Write out again the entries from the first line to the line that includes "到 3D 的升维,除了更立体的展示效果,还会有更多的社交空间。", keeping both of those lines.

## Records for this task
_____

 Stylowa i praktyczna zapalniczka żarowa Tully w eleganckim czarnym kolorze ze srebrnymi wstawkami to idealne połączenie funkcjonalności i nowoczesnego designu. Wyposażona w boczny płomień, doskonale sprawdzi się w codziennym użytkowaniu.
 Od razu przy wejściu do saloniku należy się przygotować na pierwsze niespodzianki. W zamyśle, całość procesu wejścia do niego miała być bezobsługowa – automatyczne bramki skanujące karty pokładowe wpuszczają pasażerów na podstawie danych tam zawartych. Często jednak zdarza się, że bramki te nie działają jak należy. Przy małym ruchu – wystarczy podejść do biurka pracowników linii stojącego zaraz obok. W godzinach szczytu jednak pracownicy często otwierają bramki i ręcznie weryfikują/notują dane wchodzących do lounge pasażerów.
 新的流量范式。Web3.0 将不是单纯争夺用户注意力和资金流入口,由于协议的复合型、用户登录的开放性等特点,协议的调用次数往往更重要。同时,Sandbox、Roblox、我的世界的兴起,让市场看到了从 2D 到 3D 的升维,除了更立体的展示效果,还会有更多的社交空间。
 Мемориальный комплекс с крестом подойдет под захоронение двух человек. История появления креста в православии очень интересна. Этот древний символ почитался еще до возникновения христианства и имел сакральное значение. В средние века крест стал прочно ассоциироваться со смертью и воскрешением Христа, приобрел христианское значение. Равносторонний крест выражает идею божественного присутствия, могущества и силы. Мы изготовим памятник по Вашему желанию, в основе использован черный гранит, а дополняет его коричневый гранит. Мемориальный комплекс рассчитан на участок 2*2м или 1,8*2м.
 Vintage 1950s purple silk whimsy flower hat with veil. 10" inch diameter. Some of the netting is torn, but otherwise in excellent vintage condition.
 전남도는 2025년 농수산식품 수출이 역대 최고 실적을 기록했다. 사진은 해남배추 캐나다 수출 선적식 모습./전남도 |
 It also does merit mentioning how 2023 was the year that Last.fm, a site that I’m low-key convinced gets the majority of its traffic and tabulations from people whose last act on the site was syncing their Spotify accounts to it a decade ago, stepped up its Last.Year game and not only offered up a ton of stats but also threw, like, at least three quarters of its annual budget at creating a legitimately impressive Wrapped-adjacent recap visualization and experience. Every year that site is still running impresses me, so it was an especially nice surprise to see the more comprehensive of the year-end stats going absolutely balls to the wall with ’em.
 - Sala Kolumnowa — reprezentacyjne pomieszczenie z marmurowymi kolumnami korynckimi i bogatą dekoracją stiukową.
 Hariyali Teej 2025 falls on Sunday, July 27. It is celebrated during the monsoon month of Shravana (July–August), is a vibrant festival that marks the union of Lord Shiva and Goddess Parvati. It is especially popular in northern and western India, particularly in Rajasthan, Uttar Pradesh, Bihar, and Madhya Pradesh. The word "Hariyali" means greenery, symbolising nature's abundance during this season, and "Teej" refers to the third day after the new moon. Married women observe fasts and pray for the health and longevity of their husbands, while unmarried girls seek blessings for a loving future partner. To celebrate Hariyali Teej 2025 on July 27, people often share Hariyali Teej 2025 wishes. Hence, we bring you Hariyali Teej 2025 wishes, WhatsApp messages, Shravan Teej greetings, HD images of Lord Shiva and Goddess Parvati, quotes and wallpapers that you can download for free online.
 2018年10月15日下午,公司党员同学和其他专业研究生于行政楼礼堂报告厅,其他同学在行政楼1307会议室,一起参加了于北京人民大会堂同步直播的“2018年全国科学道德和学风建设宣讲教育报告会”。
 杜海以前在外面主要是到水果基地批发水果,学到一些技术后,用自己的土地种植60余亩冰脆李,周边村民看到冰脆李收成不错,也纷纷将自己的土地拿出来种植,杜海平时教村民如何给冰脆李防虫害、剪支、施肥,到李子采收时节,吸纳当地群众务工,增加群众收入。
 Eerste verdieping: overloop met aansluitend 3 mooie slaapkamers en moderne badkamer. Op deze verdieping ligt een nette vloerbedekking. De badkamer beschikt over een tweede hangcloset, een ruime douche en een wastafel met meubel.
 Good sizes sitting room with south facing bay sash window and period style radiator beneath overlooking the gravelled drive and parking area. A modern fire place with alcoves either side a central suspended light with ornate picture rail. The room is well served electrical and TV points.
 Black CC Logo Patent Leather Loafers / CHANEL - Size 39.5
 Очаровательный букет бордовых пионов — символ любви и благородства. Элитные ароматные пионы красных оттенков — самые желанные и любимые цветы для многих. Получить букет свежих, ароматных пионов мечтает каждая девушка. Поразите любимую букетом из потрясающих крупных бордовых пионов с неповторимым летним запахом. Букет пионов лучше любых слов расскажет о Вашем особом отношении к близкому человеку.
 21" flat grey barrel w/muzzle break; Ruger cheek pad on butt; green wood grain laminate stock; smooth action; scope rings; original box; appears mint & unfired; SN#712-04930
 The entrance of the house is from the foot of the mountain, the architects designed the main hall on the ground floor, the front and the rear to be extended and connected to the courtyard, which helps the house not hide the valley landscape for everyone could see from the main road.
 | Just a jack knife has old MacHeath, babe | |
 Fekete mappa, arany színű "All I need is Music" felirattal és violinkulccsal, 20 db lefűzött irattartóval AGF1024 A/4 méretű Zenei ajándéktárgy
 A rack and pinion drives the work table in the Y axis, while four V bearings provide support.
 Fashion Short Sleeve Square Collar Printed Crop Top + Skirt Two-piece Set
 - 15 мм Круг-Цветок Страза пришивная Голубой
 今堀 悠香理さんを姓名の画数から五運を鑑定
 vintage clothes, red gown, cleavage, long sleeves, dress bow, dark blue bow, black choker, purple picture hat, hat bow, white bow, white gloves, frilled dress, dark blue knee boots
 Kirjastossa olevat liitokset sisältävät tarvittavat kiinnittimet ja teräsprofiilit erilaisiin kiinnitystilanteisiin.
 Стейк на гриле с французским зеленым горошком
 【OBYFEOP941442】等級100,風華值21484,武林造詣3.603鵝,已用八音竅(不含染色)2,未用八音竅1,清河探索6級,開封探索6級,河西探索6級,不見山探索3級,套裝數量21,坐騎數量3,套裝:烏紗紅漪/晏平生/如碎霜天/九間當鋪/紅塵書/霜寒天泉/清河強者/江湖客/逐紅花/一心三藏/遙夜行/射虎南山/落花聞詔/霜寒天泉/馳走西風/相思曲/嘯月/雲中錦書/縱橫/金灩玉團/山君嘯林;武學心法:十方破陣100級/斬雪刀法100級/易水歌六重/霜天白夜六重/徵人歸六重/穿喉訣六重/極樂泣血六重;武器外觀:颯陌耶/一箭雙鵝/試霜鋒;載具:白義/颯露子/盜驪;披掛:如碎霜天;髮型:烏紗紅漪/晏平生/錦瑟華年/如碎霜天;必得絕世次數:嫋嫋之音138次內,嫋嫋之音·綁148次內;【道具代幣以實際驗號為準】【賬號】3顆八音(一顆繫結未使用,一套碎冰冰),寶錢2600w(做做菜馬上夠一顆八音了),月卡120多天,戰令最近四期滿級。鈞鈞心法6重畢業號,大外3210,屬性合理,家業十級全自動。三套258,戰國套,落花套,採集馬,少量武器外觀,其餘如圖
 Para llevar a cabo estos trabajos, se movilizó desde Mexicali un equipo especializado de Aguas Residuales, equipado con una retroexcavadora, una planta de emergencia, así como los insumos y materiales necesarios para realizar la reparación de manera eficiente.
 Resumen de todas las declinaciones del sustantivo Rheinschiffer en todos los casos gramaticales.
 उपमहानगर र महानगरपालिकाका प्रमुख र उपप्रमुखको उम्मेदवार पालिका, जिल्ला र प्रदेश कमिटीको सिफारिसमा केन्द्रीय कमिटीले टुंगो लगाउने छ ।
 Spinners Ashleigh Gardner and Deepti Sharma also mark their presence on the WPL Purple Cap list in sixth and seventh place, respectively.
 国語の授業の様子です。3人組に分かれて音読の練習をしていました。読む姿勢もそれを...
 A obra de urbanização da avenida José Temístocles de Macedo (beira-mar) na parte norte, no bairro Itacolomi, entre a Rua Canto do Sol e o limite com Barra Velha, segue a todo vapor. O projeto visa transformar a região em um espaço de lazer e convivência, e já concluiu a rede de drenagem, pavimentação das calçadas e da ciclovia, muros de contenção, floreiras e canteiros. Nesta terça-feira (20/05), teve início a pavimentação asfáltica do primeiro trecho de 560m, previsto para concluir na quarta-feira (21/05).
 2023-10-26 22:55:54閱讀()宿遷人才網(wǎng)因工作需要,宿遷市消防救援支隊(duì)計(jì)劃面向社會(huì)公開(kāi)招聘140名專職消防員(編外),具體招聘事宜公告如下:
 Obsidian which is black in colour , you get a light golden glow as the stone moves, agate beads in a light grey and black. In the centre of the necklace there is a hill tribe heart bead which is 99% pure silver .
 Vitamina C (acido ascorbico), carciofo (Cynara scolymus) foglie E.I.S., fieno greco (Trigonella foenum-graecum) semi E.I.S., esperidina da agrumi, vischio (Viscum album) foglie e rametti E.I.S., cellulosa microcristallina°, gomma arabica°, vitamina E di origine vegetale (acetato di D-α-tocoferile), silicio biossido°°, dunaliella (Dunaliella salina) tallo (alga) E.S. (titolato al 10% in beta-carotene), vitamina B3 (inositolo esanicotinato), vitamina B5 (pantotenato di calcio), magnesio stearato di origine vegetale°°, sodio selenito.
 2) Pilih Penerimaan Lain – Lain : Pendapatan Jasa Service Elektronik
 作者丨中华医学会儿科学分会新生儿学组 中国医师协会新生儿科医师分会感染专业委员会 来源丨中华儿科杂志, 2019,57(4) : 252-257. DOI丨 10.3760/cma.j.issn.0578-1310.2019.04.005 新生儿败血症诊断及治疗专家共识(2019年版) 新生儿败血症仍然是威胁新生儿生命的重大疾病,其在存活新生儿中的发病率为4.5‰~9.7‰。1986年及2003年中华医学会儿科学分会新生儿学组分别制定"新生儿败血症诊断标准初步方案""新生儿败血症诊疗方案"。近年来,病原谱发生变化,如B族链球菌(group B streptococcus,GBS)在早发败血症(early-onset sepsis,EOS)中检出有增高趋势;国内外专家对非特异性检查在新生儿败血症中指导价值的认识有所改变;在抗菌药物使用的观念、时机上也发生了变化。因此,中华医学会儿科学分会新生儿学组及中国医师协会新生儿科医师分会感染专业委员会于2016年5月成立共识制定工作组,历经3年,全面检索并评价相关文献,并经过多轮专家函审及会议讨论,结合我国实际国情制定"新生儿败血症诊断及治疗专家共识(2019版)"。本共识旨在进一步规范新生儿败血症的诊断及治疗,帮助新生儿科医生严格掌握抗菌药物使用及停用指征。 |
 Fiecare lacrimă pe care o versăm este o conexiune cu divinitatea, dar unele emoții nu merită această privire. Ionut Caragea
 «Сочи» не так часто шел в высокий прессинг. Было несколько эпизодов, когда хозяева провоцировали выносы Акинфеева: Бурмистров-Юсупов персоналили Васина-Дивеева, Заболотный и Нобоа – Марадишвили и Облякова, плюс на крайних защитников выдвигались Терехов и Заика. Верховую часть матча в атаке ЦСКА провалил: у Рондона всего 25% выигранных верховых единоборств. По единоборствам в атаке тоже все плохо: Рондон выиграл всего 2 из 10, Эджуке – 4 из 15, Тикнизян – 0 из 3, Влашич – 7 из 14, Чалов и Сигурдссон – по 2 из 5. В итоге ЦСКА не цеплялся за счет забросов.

_____

## Answer to this exercise
 Stylowa i praktyczna zapalniczka żarowa Tully w eleganckim czarnym kolorze ze srebrnymi wstawkami to idealne połączenie funkcjonalności i nowoczesnego designu. Wyposażona w boczny płomień, doskonale sprawdzi się w codziennym użytkowaniu.
 Od razu przy wejściu do saloniku należy się przygotować na pierwsze niespodzianki. W zamyśle, całość procesu wejścia do niego miała być bezobsługowa – automatyczne bramki skanujące karty pokładowe wpuszczają pasażerów na podstawie danych tam zawartych. Często jednak zdarza się, że bramki te nie działają jak należy. Przy małym ruchu – wystarczy podejść do biurka pracowników linii stojącego zaraz obok. W godzinach szczytu jednak pracownicy często otwierają bramki i ręcznie weryfikują/notują dane wchodzących do lounge pasażerów.
 新的流量范式。Web3.0 将不是单纯争夺用户注意力和资金流入口,由于协议的复合型、用户登录的开放性等特点,协议的调用次数往往更重要。同时,Sandbox、Roblox、我的世界的兴起,让市场看到了从 2D 到 3D 的升维,除了更立体的展示效果,还会有更多的社交空间。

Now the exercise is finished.